Deux figures de proue de la musique réunionnaise sur une même scène ! Fers de lance d’un son tout aussi affranchi que respectueux de la tradition, Saodaj et Grèn Sémé déploient leurs univers pour une musique sans frontières.

Fers de lance des fusions actuelles du maloya et d’une chanson bohème cousue de poésie, d’influences vavangueuses et d’humanité, Grèn Sémé et Saodaj partagent naturellement la grande scène du Plein Air pour fêter ensemble la sortie de deux disques importants.
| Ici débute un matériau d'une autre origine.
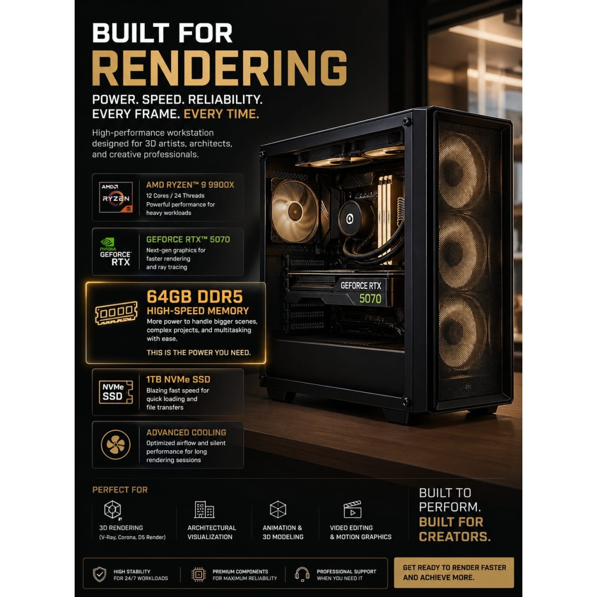 Taipei Render Workstation PC 2026 AMD RYZEN 9 9900X -RTX5070 12GB D7-(((64GB DDR-5)))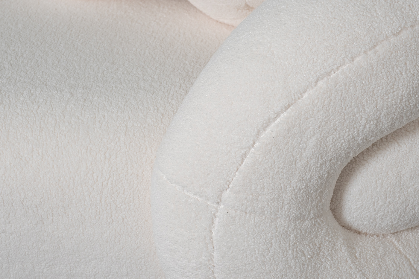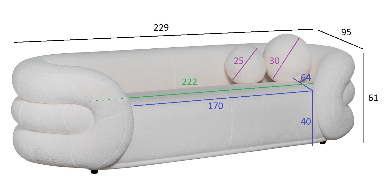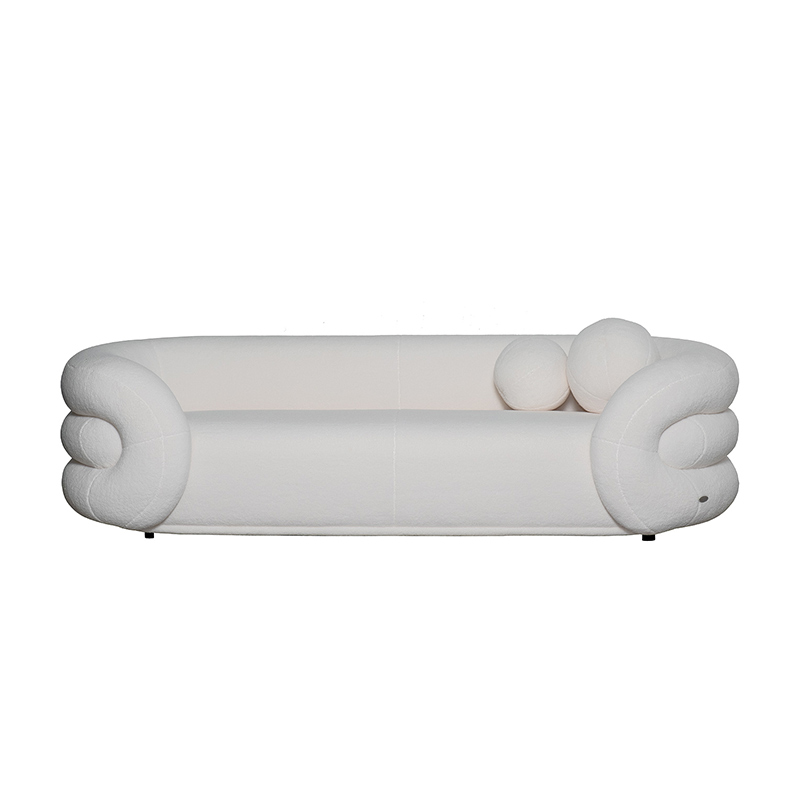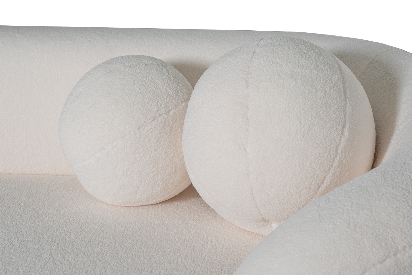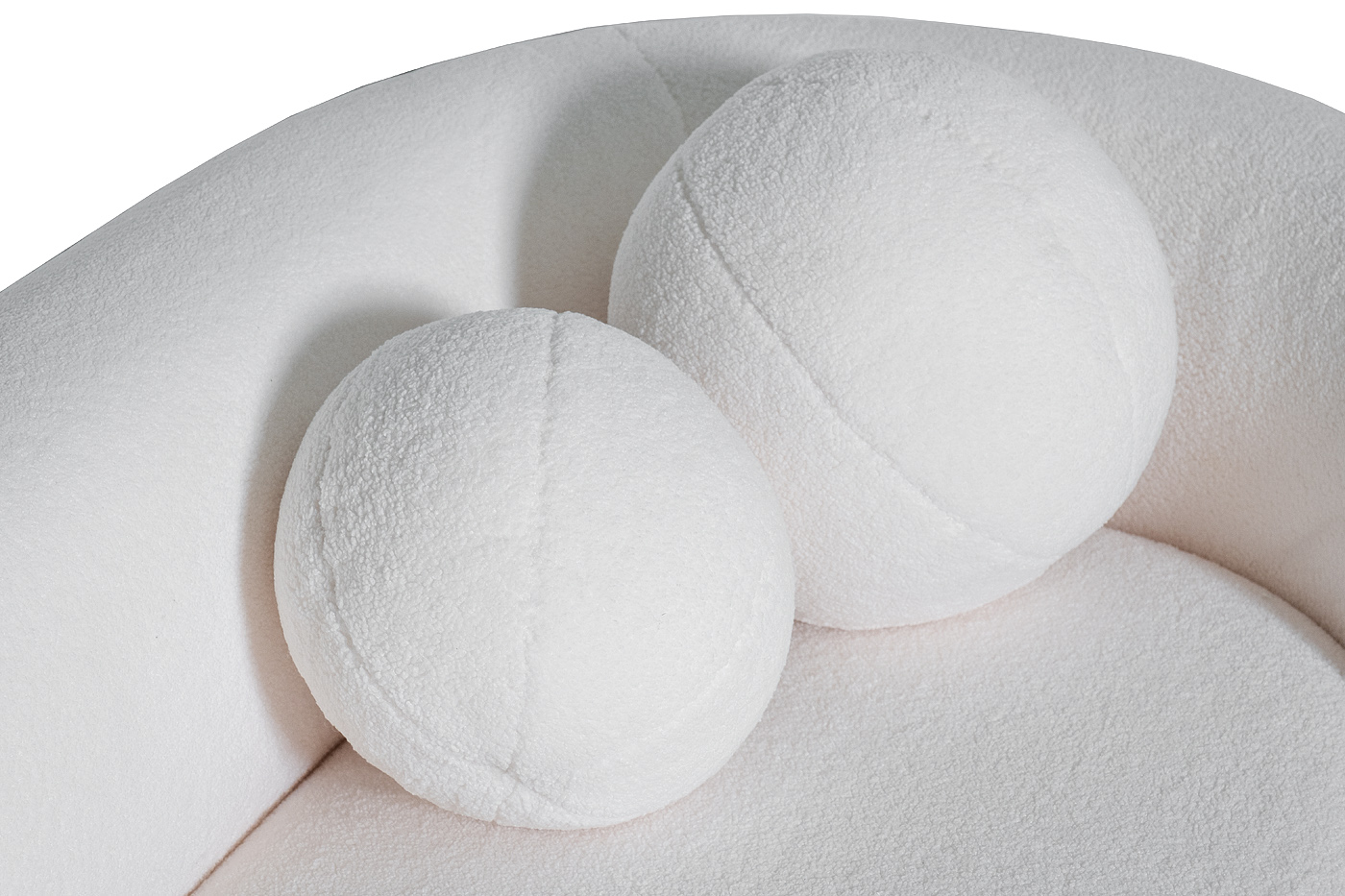 Запросить индивидуальное предложениеУютный белый диван футуристической формы выполнен из мягкой обивки, по фактуре напоминающей овечью шкуру. Оригинальные мягкие выпуклые объемы внешней части и шаровидные декоративные подушки несомненно будут притягивать взор и позволят в полной мере воспользоваться преимуществами этого дивана как дизайнерского объекта. В комплект входят две шарообразные подушки диаметром 25 и 30см. Габариты сиденья: ширина 170(222)см, глубина 64см, высота от пола 40см, высота спинки 21см.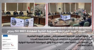 فى إطار سعيها للدخول لأسواق جديدة ومزيد من دعم قدرات الأداء المؤسسى ، نجحت شركة الإسكندرية للمنتجات البترولية المتخصصة (أسبك) في اجتياز أعمال المراجعة السنوية الثانية لنظام إدارة الجودة بنجاح، وفقاً لمتطلبات المواصفة القياسية الدولية ISO 9001:2015 وقد أُجريت أعمال التدقيق والتقييم الشامل متعددة المراحل والتى شملت تدقيقاً داخلياً بجميع الإدارات للتاكد من كفاءة النظام تلاه تدقيق خارجى …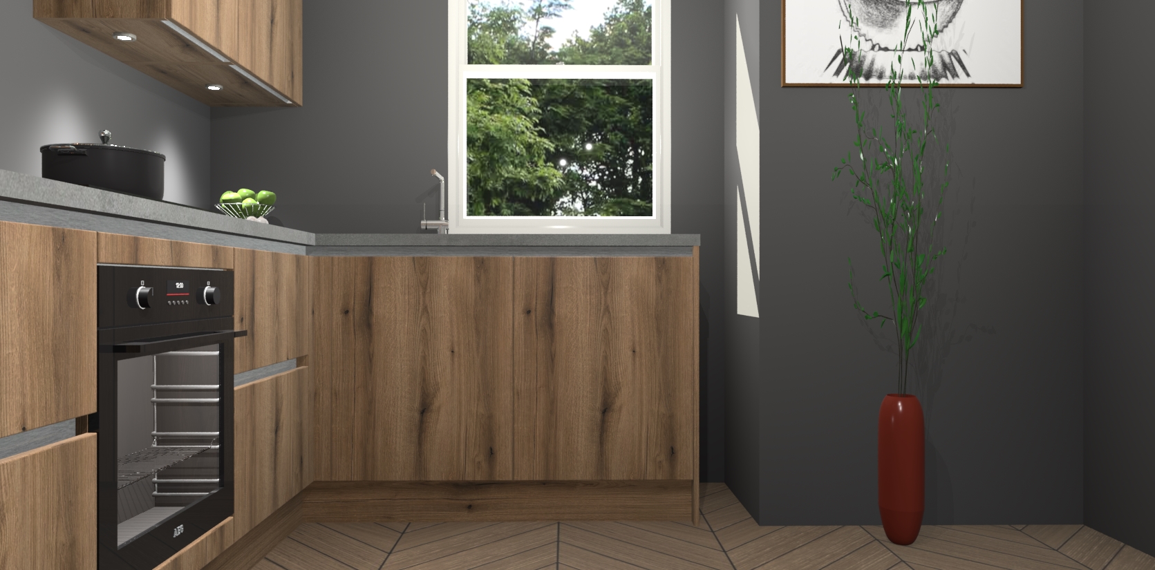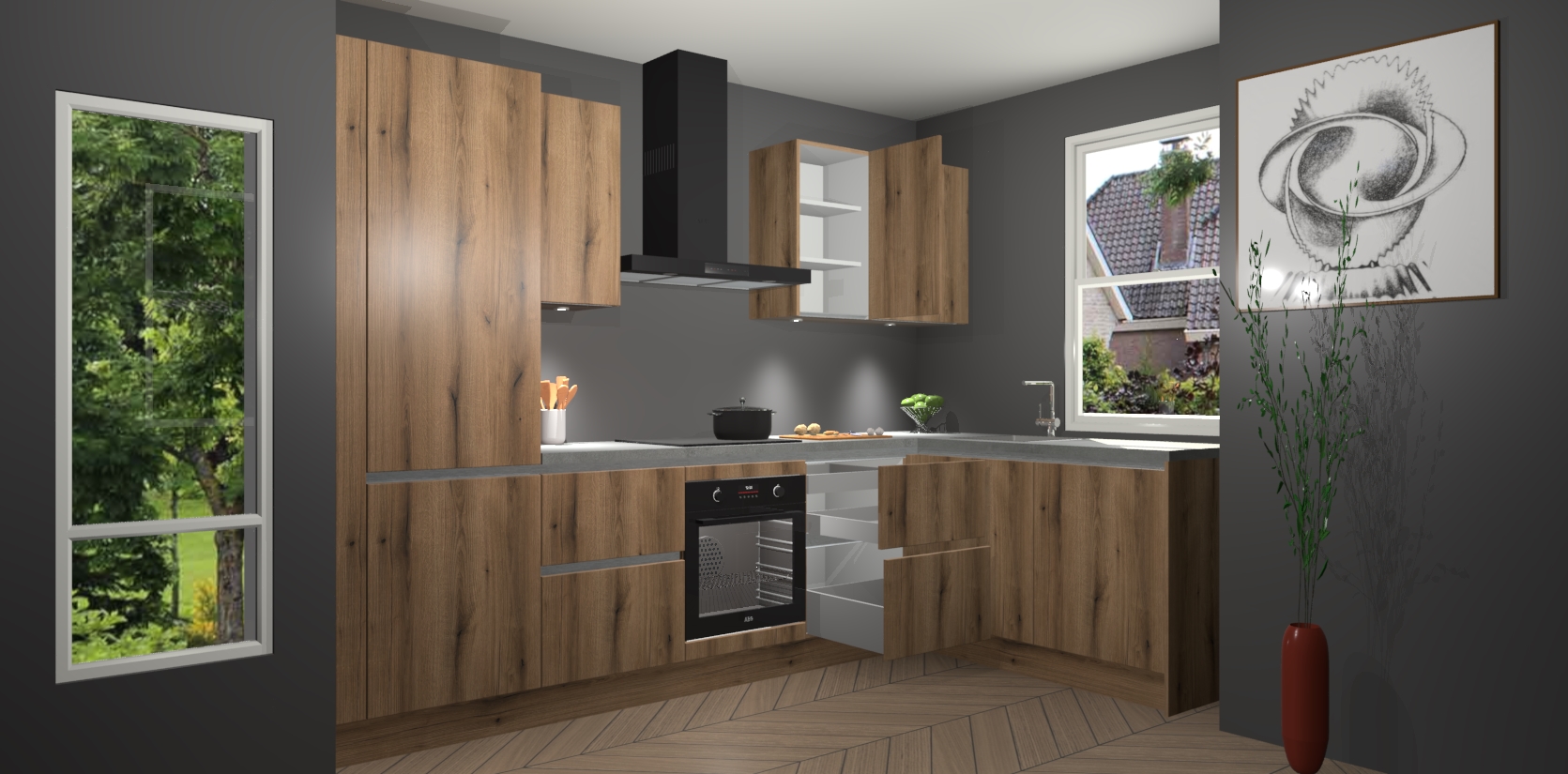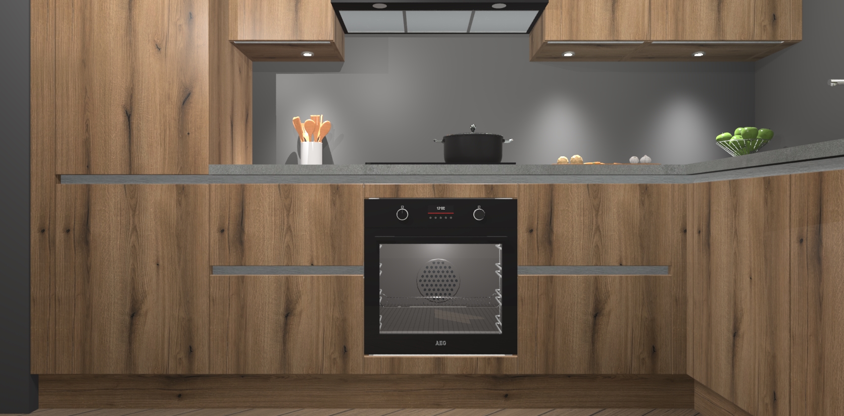 De Goud Eiken greeploze keuken Geneve is uitgerust met 5 inbouwapparaten - een oven, inductiekookplaat, afzuigkap, vaatwasser en koelkast - voor al uw kook- en bewaarbehoeftes. U kunt deze apparaten desgewenst eenvoudig upgraden naar AEG of de oven omruilen voor een combimagnetron na het plaatsen van uw bestelling. En met de soft close deuren, voldoende opbergruimte en kasten die voorgemonteerd worden geleverd, bent u in een mum van tijd klaar om heerlijke maaltijden te bereiden!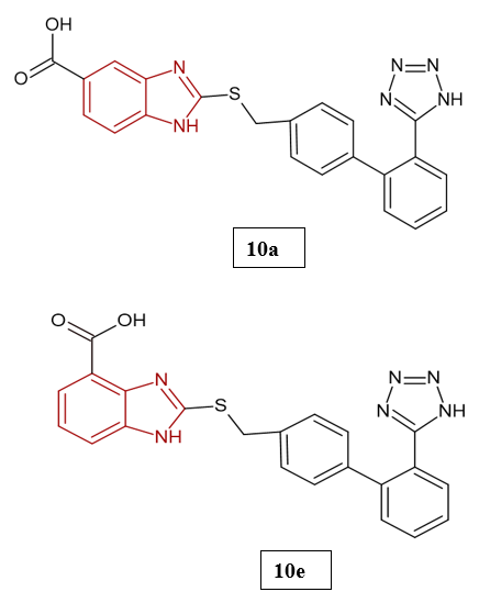 Hypertension is a major global health concern and a leading contributor to cardiovascular disease, stroke, and renal complications. Despite the wide range of available therapies, the growing prevalence of resistant hypertension underscores the need for more potent and safer treatment options. Current antihypertensive agents act through different mechanisms, including suppression of the renin–angiotensin–aldosterone system (RAAS), calcium channel inhibition, β-adrenergic receptor blockade, and diuretic action22. In drug development, heterocyclic ring systems have been particularly valuable, providing structural diversity and enhanced pharmacokinetic properties. Within this context, the benzimidazole ring has emerged as an important pharmacophore in antihypertensive drug design due to its strong interaction with the angiotensin II type 1 (AT?) receptor. Several widely used angiotensin II receptor blockers (ARBs), including losartan, candesartan, and telmisartan, contain a benzimidazole core, which is key to their high receptor affinity, selectivity, and favorable pharmacological profiles23. Abraham Gutiérrez-Hernández et al. (2024) reported the synthesis of seven benzimidazole derivatives, with their structures confirmed through spectroscopic analyses. Biosimulation studies indicated that compounds 10a–10g were computationally safe hits, displaying favourable pharmacodynamic and biopharmaceutical profiles, with predicted AT? Ang II receptor antagonism and minimal cardiotoxic risk. Among them, compounds 10a and 10e showed the greatest potential in silico. Ex vivo assays revealed that compound 10a exerted a dual vasorelaxant effect, functioning both as an insurmountable AT? receptor antagonist and as a partial inhibitor of the L-type CaV1.2 calcium channel. Molecular docking further clarified the binding interactions of compound 10a within both targets, supporting its multitarget mechanism. In vivo evaluation using a spontaneously hypertensive rat (SHR) model demonstrated that intraperitoneal administration of compound 10a (20 mg/kg) reduced systolic blood pressure by 25%, validating its ex vivo vasorelaxant and multitarget antihypertensive activity. The study emphasized the critical role of the biphenyl moiety in compound 10a and highlighted the consistency between computational predictions and experimental findings, underscoring the effectiveness of rational drug design in developing multitarget antihypertensive agents24.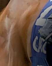 Visor worn by No 3, 14. Blinkers, Tongue Strap worn by No 7.
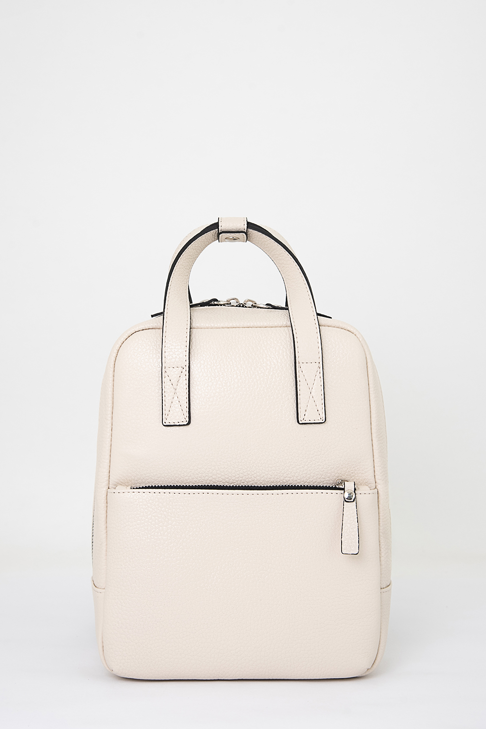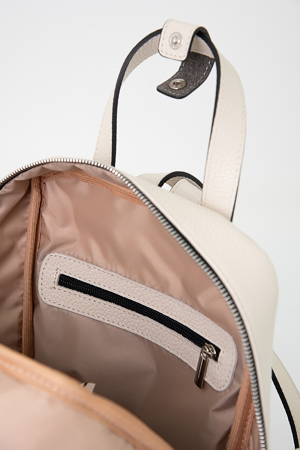Сумка-рюкзак женская среднего размера. Рюкзак застегивается на молнию и имеет одно отделение. На передней стенке расположен карман на молнии. На задней стенке также есть карман на молнии. Лямки рюкзака регулируются по длине. Сумка-рюкзак на подкладке. Внутри сумки расположен карман на молнии из плотного материала и карман на молнии.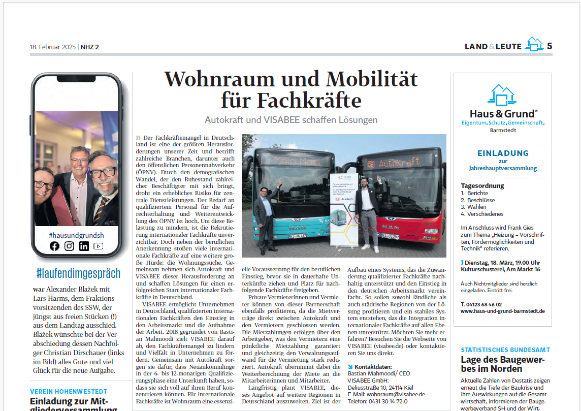 Der Fachkräftemangel in Deutschland ist eine der größten Herausforderungen unserer Zeit und betrifft zahlreiche Branchen, darunter auch den öffentlichen Personennahverkehr (ÖPNV). Durch den demographischen Wandel, der den Ruhestand zahlreicher Beschäftigter mit sich bringt, droht ein erhebliches Risiko für zentrale Dienstleistungen. Der Bedarf an qualifiziertem Personal für die Aufrechterhaltung und Weiterentwicklung des ÖPNV ist hoch. Um diese Belastung zu mindern, ist die Rekrutierung internationaler Fachkräfte unverzichtbar. Doch neben der beruflichen Anerkennung stoßen viele internationale Fachkräfte auf eine weitere große Hürde: die Wohnungssuche. Gemeinsam nehmen sich Autokraft und VISABEE dieser Herausforderung an und schaffen Lösungen für einen erfolgreichen Start internationaler Fachkräfte in Deutschland.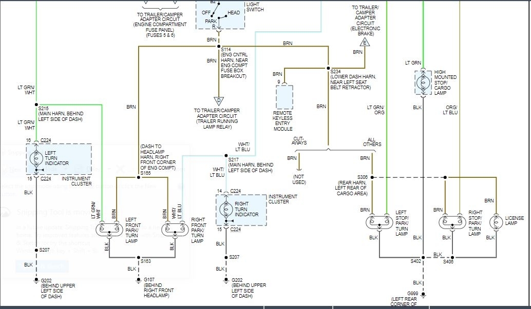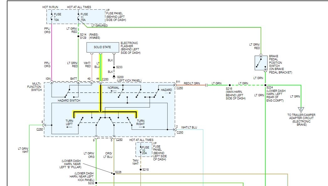 Turn signals all work. Right turn light indicator on dash also does not light with 4 way hazard lights, but does for turn signal. Would like to see wiring diagram, or am open to suggestions for troubleshooting. Vehicle is a Class C motor home on a Ford E 350 chassis, chassis year is 1998, camper is a 1999.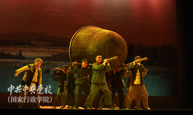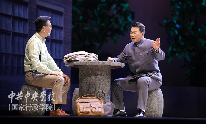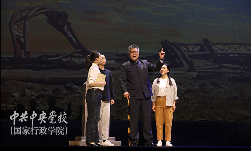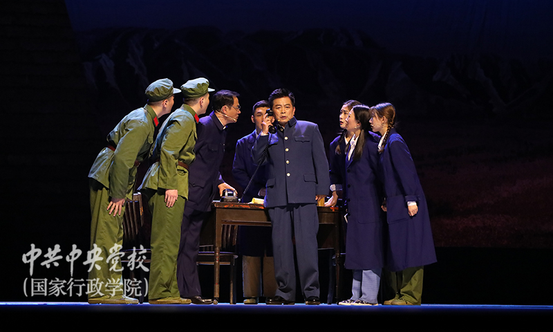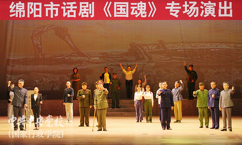 4月23日晚,以“弘揚(yáng)愛(ài)國(guó)奮斗精神、建功立業(yè)新時(shí)代”為主題的世界讀書(shū)日系列活動(dòng)之話劇《國(guó)魂》在中央黨校(國(guó)家行政學(xué)院)隆重上演。全國(guó)政協(xié)副主席、九三學(xué)社中央常務(wù)副主席邵鴻,中央黨校(國(guó)家行政學(xué)院)分管日常工作的副校(院)長(zhǎng)何毅亭,中央軍民融合辦副主任王樹(shù)年,中央黨校(國(guó)家行政學(xué)院)副校(院)長(zhǎng)王東京、李季、謝春濤,生態(tài)環(huán)境部副部長(zhǎng)、九三學(xué)社中央副主席、九三學(xué)社四川省主委黃潤(rùn)秋,中共四川省委常委、組織部部長(zhǎng)、四川省委黨校校長(zhǎng)王正譜,中國(guó)工程院院士張信威,中國(guó)科學(xué)院院士孫昌璞,綿陽(yáng)市委書(shū)記劉超,張愛(ài)萍長(zhǎng)孫,部分“兩彈一星”功勛人物的親屬,以及校(院)各直屬單位負(fù)責(zé)同志、全體學(xué)員約2000人觀看了演出。

Zamrosa, nouvel album de Grèn Sémé, poursuit l’œuvre tendrement rageuse de Carlo de Sacco et de sa bande désormais inscrite au panthéon des révoltés de la francophonie ;

Laz, premier enregistrement du groupe de Marie Lanfroy et Jonathan Itéma, témoigne quant à lui de l’épanouissement d’un collectif atypique inspiré par le maloya et forgé sur scène au fil de 300 concerts où, harmonieusement, sans s’inquiéter des frontières, la troupe a intégré de nouveaux talents à son identité mouvante, dont l’excellente violoncelliste Mélanie Badal.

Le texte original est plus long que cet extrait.